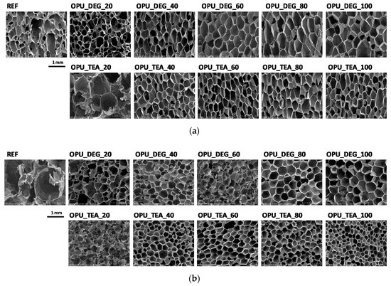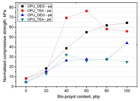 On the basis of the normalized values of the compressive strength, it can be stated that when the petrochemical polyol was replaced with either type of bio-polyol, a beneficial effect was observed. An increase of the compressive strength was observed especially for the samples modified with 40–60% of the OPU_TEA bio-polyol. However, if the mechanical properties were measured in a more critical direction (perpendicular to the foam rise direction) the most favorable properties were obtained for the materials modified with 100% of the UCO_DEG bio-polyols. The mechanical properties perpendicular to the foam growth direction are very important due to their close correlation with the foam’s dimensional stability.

--

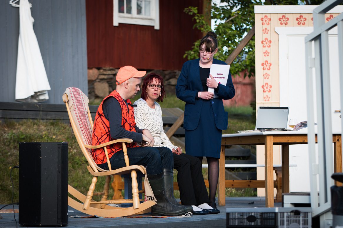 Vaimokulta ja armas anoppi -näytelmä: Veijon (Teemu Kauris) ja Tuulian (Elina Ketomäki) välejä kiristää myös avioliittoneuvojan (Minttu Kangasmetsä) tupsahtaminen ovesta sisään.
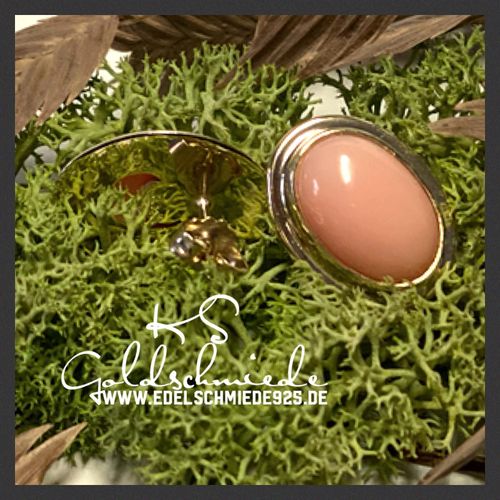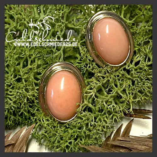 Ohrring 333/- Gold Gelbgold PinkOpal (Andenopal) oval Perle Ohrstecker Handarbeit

--

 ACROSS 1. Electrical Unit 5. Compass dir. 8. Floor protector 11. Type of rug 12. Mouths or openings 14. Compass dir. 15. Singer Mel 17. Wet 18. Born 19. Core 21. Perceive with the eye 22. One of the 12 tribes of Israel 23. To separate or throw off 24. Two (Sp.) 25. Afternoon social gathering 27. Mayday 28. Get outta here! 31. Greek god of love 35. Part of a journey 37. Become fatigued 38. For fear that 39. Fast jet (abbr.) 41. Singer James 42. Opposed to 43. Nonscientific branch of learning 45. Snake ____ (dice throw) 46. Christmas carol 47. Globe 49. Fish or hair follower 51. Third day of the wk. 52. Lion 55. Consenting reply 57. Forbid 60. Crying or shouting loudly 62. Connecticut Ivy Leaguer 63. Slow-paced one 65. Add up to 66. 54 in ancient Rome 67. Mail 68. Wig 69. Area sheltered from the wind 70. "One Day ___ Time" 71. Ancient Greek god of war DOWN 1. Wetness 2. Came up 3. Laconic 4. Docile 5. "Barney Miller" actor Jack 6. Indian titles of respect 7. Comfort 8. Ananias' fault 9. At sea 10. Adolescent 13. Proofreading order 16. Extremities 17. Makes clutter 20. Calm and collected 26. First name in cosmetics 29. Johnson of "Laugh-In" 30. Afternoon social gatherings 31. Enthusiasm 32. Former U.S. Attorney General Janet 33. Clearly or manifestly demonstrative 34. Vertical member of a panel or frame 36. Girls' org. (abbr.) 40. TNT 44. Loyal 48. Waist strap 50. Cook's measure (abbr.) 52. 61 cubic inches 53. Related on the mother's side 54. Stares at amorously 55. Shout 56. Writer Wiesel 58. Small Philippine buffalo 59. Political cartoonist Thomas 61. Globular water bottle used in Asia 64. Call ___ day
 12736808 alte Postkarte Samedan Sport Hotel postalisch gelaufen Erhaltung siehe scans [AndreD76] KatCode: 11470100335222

## Aim of the task:
Give back the exact lines above, running from the one that has "Vaimokulta ja armas" through the one that has "Ohrring 333/- Gold", with nothing added and no pictures.

## Exercise solution:
 Vaimokulta ja armas anoppi -näytelmä: Veijon (Teemu Kauris) ja Tuulian (Elina Ketomäki) välejä kiristää myös avioliittoneuvojan (Minttu Kangasmetsä) tupsahtaminen ovesta sisään.
 Ohrring 333/- Gold Gelbgold PinkOpal (Andenopal) oval Perle Ohrstecker Handarbeit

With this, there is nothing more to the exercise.